Иродова молча кивнула.
— Жаль, что Юлин телефон пропал, там могла быть важная информация!
Собеседница вдруг встрепенулась.
— Слушайте, а ведь информация о ее звонках и сообщениях есть в Интернете! Однажды у меня сдох телефон, и я чуть с ума не сошла, восстанавливая его память. Вот тогда-то Юля и сказала, что нужно держать все в каком-то «облаке»… Понятия не имею, как это делается, но она знала.
— Можем мы забрать компьютер вашей дочери?
— Конечно, присылайте своих людей ко мне на работу — я завтра возьму его с собой. Моя дочь пользовалась ноутбуком только для учебы — печатала доклады, делала презентации. А остальную информацию она хранила в телефоне.
— Наши техники разберутся, — заверила ее Алла, кляня себя за то, что до сих пор не занялась этим вопросом. Конечно же, в наш электронный век все, что только можно узнать о человеке, есть в гаджетах. Белкин изучил социальные сети, в которых была зарегистрирована девочка, и никакой полезной информации не нашел. Юля оказалась не из тех подростков, вся жизнь которых проходит в сети: она имела странички только «вКонтакте», даже на «Фейсбуке» не засветилась.
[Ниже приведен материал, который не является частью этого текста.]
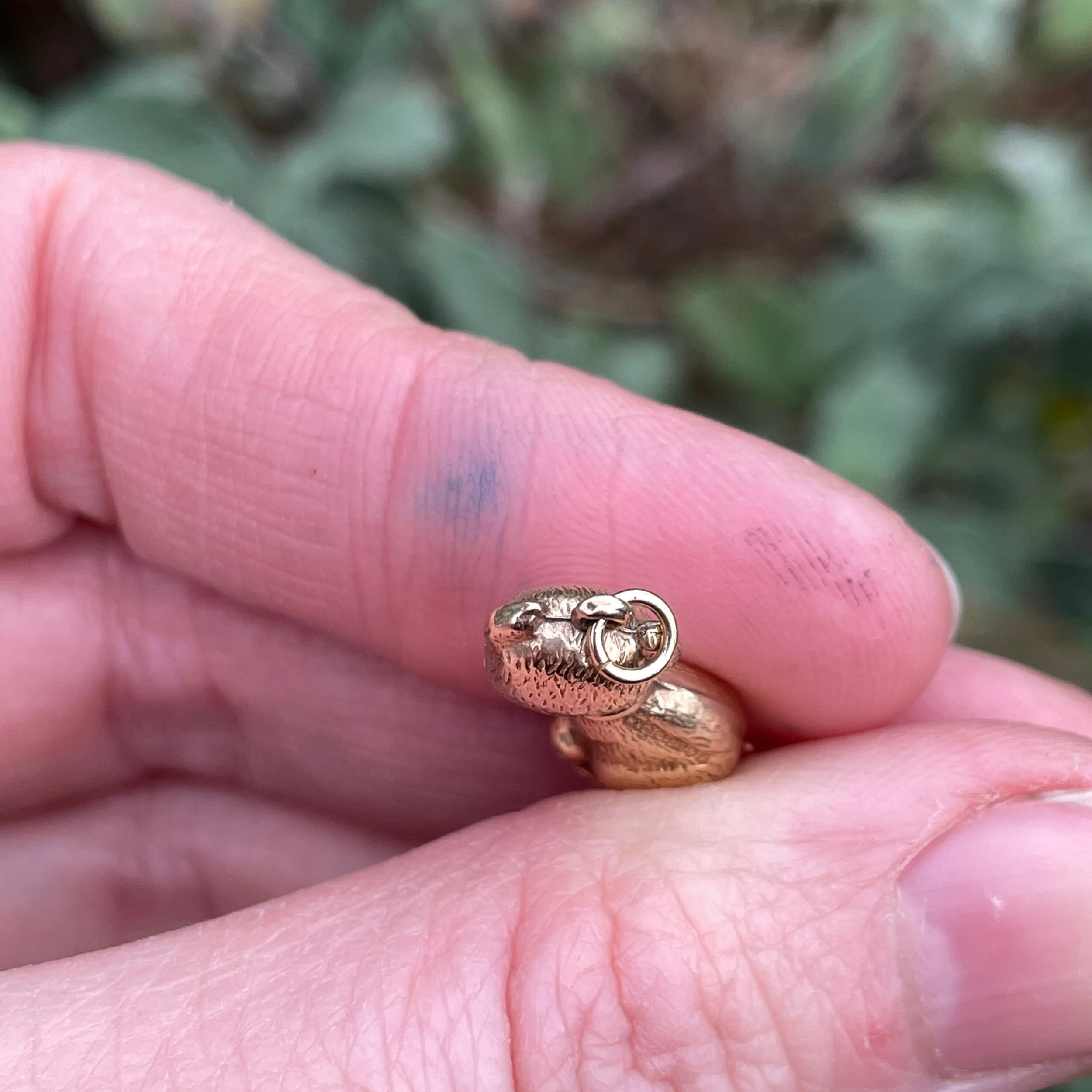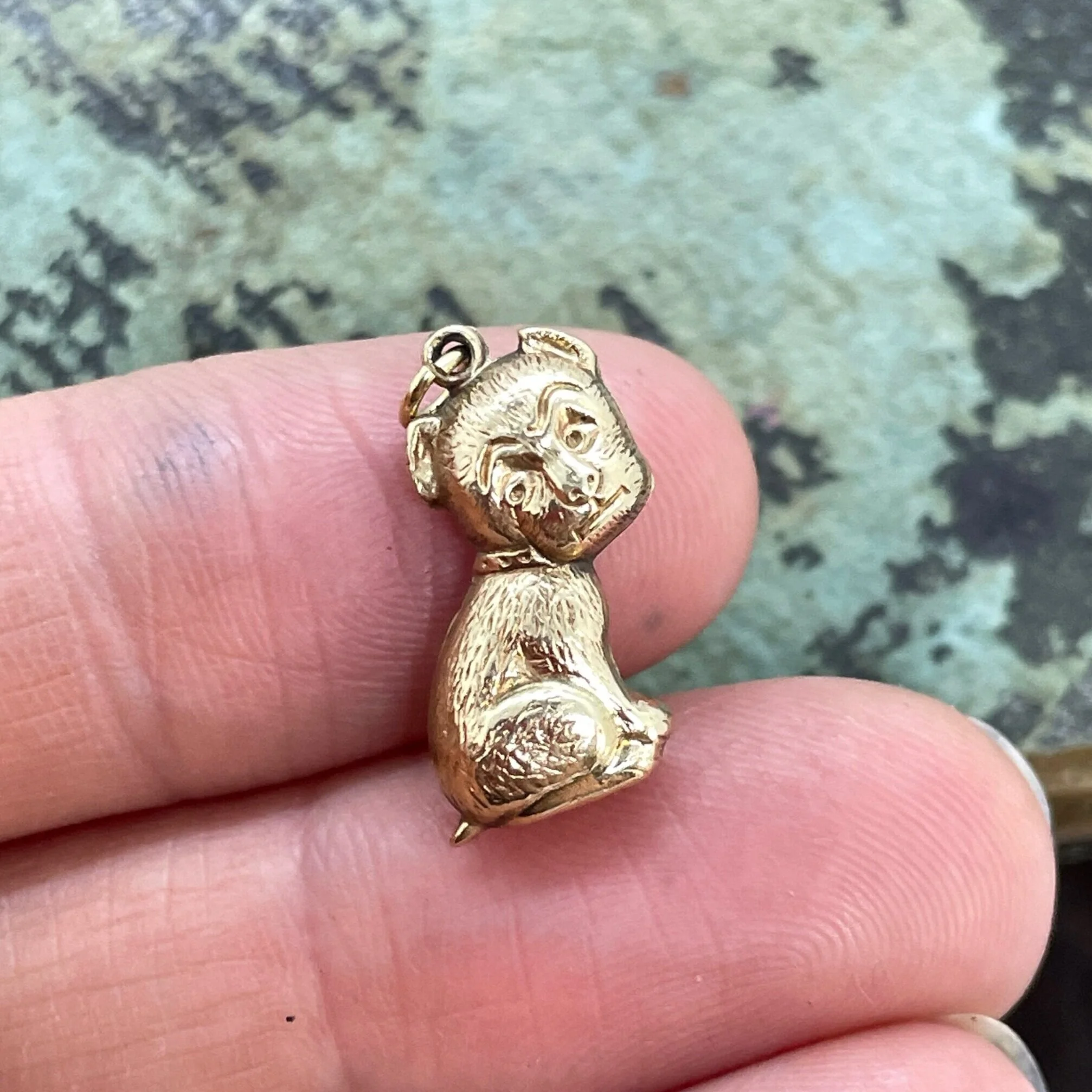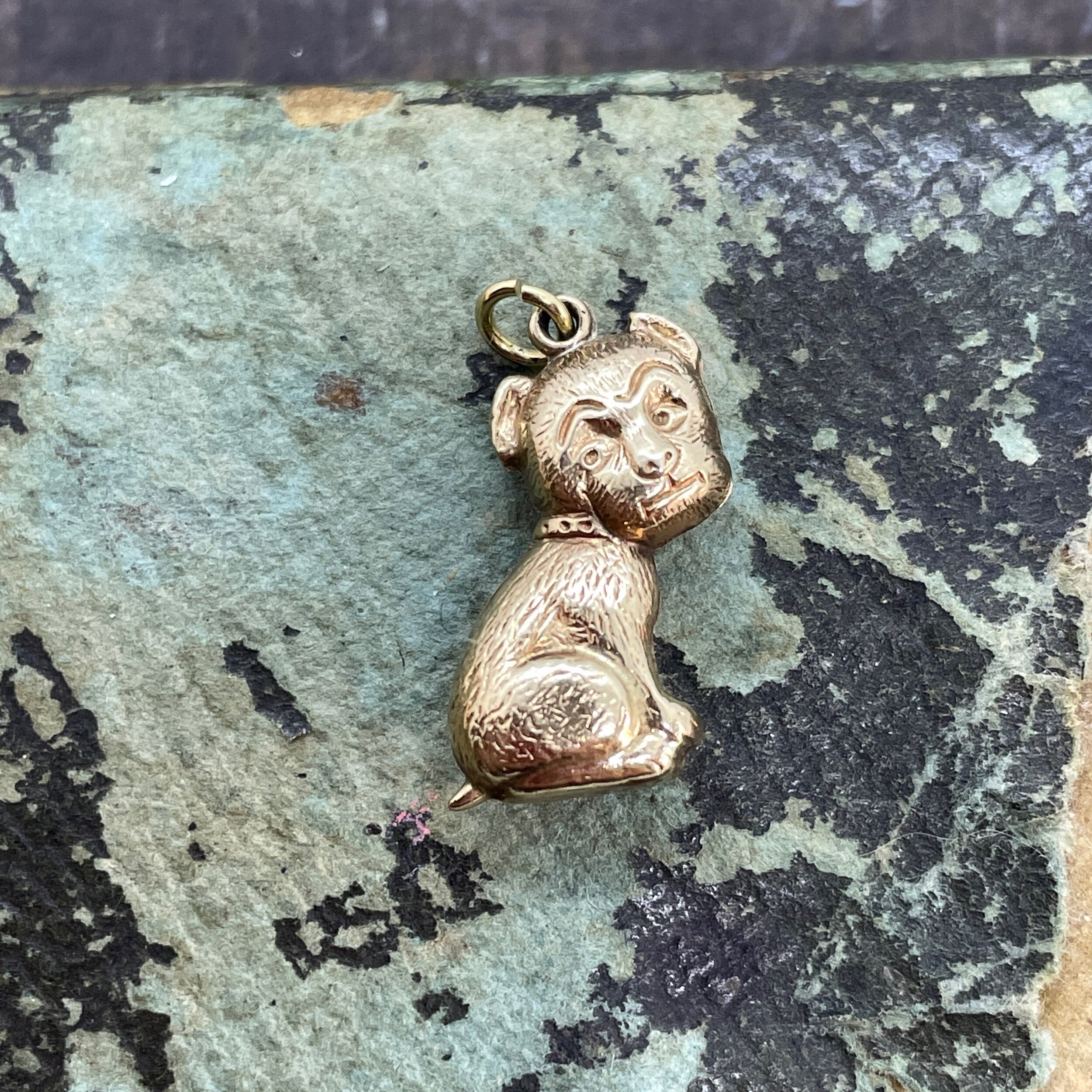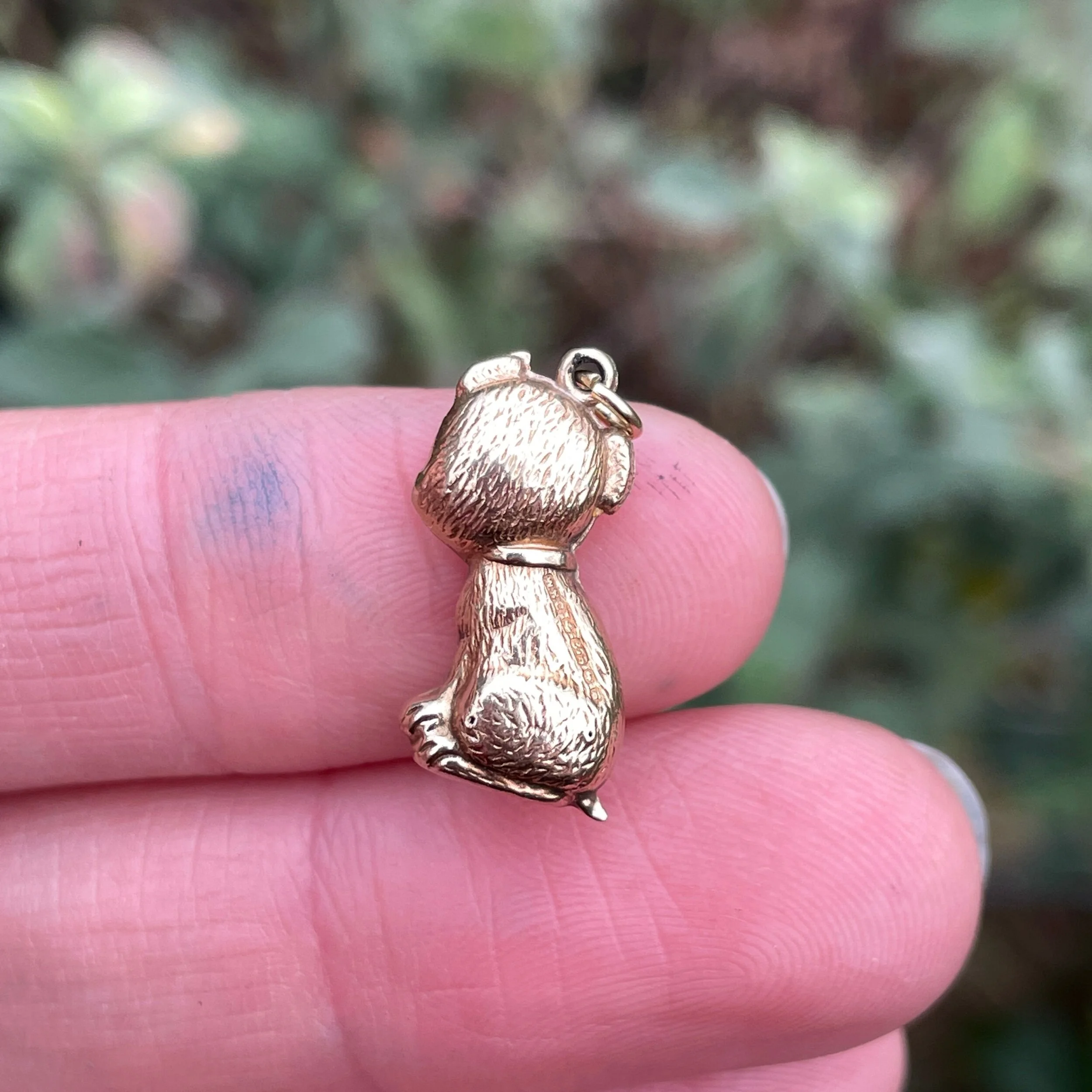 This vintage charm or pendant is made from 9ct yellow gold. It depicts a bashful looking puppy dog. It’s puffy so is hollow and it has detail on both the front and back. It’s fully hallmarked on the back, from the Birmingham Assay Office. The date letter’s tricky to make out but it’ll be the late 1960s/early 1970s. There’s a small split ring at the top for hanging.

Несколько альбомов с фотографиями, фильмы, любимые книги, поздравления с праздниками от друзей и виртуальных знакомых — вот, в сущности, и все, что удалось обнаружить. Возможно, с данными из телефона повезет больше?
— Дамир, как у нас дела с допросами потерпевших из приюта? — спросила Алла, едва войдя в кабинет, где уже ожидали трое оперов.
— Закончены, Алла Гурьевна. Показания задокументированы, нет ни малейших оснований сомневаться в виновности Лапиной. Остается поболтать с усыновителями, чьи имена она назвала. Охранник тоже сознался, валит все на директрису.
— Неудивительно! — усмехнулась Алла. — Отделается легким испугом, ведь он, скорее всего, к сделкам с продажей детей отношения не имел?
— Похоже на то. Хотя он не мог не понимать, что творится прямо у него под носом!
— Это недоказуемо. Лучше скажите, есть ли что-то, о чем я пока не знаю?
— Я поболтал с Анной Расуловой. Она, кажется, знала Яну Четыркину лучше других.
— По словам Лапиной, Четыркина предпочитала не распространяться о личной жизни и не сообщала о себе ничего сверх той информации, какая требовалась для попадания в приют.